Hand-held Kinetic Impact Weapons
Hand-held kinetic impact weapons (also known as striking weapons) are designed to be used to strike or hit an individual to cause compliance through pain. They are one of the most common less lethal weapons carried by law enforcement officers.
Batons and truncheons are among the striking weapons most often used, and they are usually made of rubber, plastic, wood, or metal, and range in size from 20cm to 2 metres. Other striking weapons, including whips, and smaller weapons such as slappers and billys (which may be weighted), are less common, but are still permitted for law enforcement use in some countries. Some law enforcement officials also use ad-hoc equipment such as sticks, clubs, or other improvised weapons.

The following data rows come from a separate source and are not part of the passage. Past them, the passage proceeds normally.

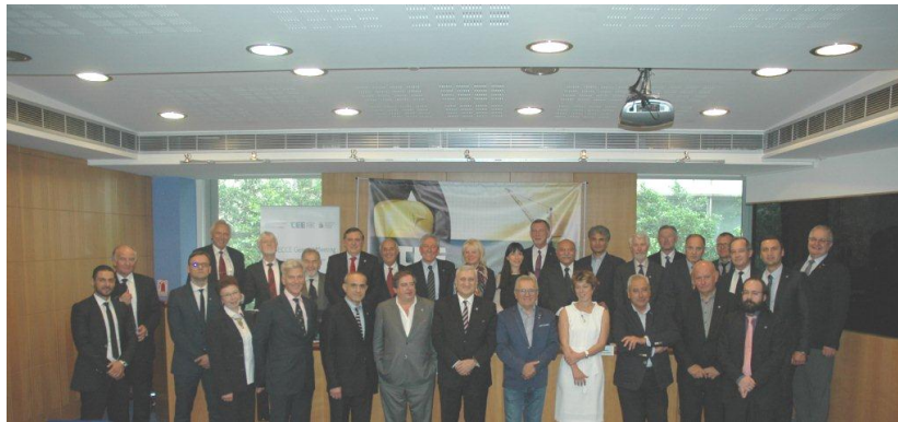
64 th ECCE GM participants

The 64 th ECCE General Meeting was held on 20 th – 22 nd October 2016, in Athens, Greece, hosted by the Civil Engineers Association of Greece (ACEG) and the Technical Chamber of Greece (TCG). The Round Table “Building the future: The road to prosperity is always under construction” was held on 20 th October 2016, organized by ACEG, TCG and ECCE, in the context of the 64 th ECCE GM.
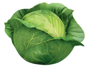
½ medium-size green cabbage, coarsely chopped

Illustrations © Québec Amérique. All rights reserved (ikonet.com)
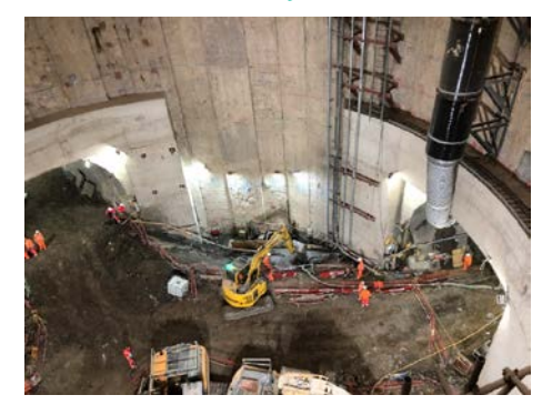
Kirtling Street Horizontal Excavation
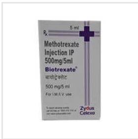
500 MG Methotrexate Injection IP
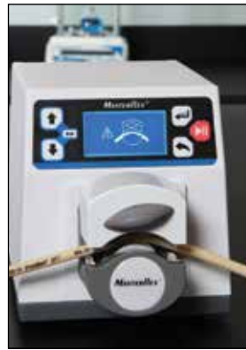
Open-head sensor stops the drive when pump head is open.
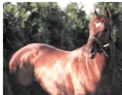
Thunder Gulch

Unfortunately, having made a very bright start with his first two crops, Thunder Gulch then lost some momentum. The typically difficult third season resulted in a crop which yielded just two stakes winners, and his fourth season was spent in Japan. To compound things, his fifth season, back in the U.S. came on the heels of the relatively quiet start made by his first two-year-olds. Thunder Gulch's next two crops, however, were conceived following

Batons or truncheons are used to push, jab, poke, hit, or beat a person. Frequently, they are used abusively to lever, apply force, or crush parts of the body, or in neck or choke holds. They can also be used as a tool of rape. Any use of a baton on an individual who is already restrained or otherwise under control may amount to torture or other ill-treatment.

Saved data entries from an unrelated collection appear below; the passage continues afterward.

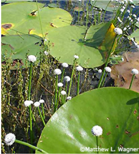
Seven-angle Pipewort ( Eriocaulon aquaticum ).
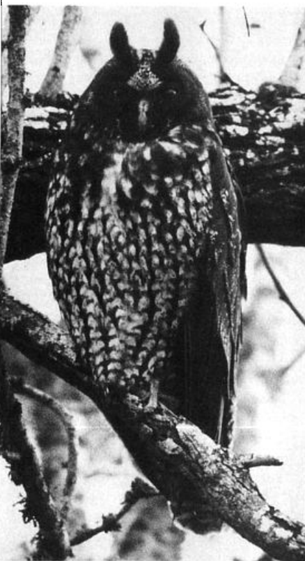
Considered by many to be the most extraordinary bird of many a year, this Stygian Owl—a little-known bird of the American tropics—was seen for one day only at Bentsen State Park, Texas, December 26, 1996. Far from known localities in Mexico, it furnished a first record for the United States.
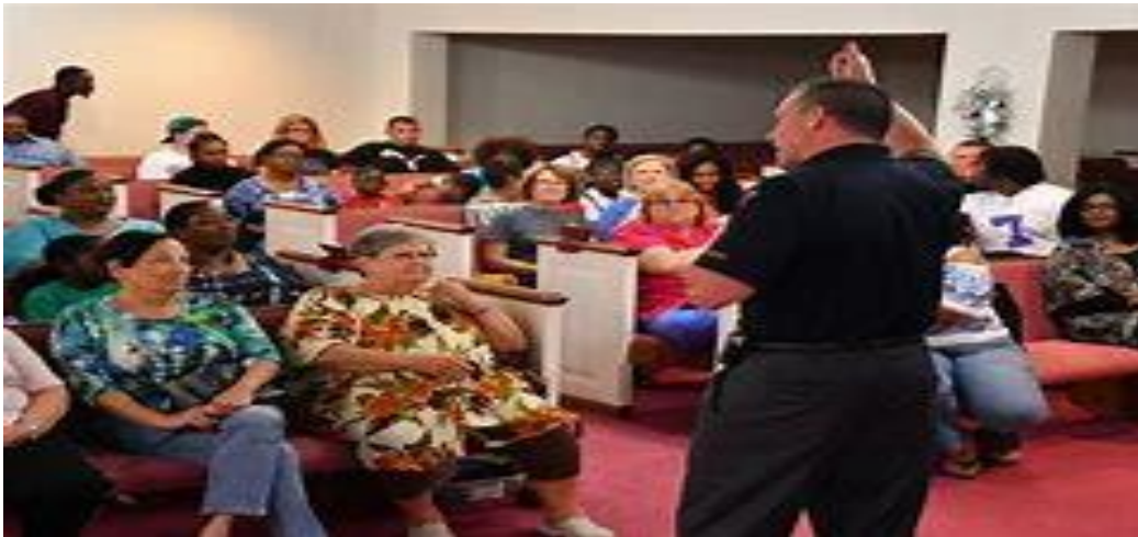
Educating the community about the Active Shooter

crime report is false or baseless and therefore “unfounded.” Only sworn or commissioned law enforcement personnel may “unfound” a crime report for purposes of reporting under this section. The recovery of stolen property, the low value of stolen property, the refusal of the victim to cooperate with the prosecution, and the failure to make an arrest do not “unfound” a crime report.
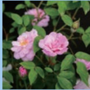
Rosa chinensis 'Minima' Ch This rose is believed to be the ancestor of modern miniature roses.
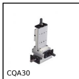
CQA30 Accessory for adjustment slide-system, 30
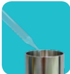
Cooling time with sterile water
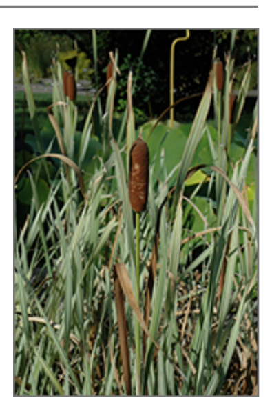
Variegated Cattail flowers
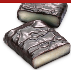
Enrobed Fondant Bar

For more information on Fondant & Fondant Crème Plants please click on the link: www.bakerperkins.com/FFCP
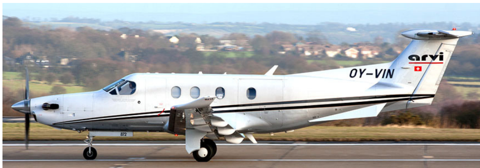
Pilatus PC-12 OY-VIN lining up for departure to Vilnius, Poland on 6/1(Robert Burke)

GENERAL AVIATION:- Dauphin G-NHAC (Helimed 58) f/t Langwathby(0824/1132) to Multiflight Engineering. King Air 200 G-FPLD (Calibrator 489) from Teesside(0920), local flight calibrating 1018/1407 and back home to Teesside(1507). Cessna TU.206G G-NIME from Sturgate(1410) to Saltergate/Whitby(1520).
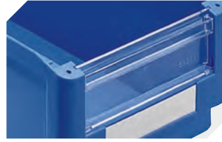
Windows for storage bins SK 2-1112
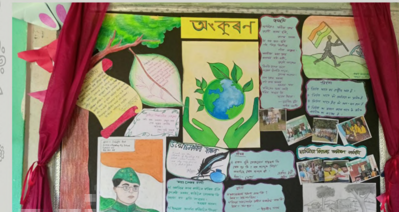
WALL MAGAZINE IN THE SCHOOL
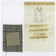
Glen Plaid or Herringbone Women's Suit (KA0035_000202)
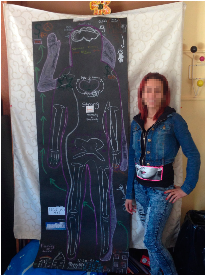
Figure 2. Body map example from Hear Our Stories project.

are presenting the body map work as part of a research project that is governed by our institutional human subjects review board, which expects that we protect potentially vulnerable participants through their anonymity. While the erasure of the subject is one issue, so are our institutional requirements to protect subjects, especially those defined as vulnerable, even as engagement and arts shift into our research endeavours. We appreciate these different ethical standpoints and that different contexts require different treatments of visual material.
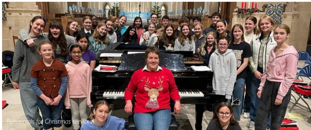
Rehearsals for Christmas services

While batons may have a legitimate law enforcement role, when used in strict accordance with international human rights standards, all other types of hand-held kinetic impact weapons listed in this section have no legitimate law enforcement use and should not be used in any circumstances (see individual entries for information).
Injuries from hand-held kinetic impact weapons, which in some cases can be life threatening, include:
- broken bones
- internal bleeding and damage to organs
- concussion and other head injuries.
These weapons are sometimes used to apply dangerous restraint techniques, including:
- applying leverage to limbs for pain compliance
- neck-holds that restrict breathing (this technique can result in serious injury or death due to compression of the airway and damage to the larynx, trachea, and thyroid bone).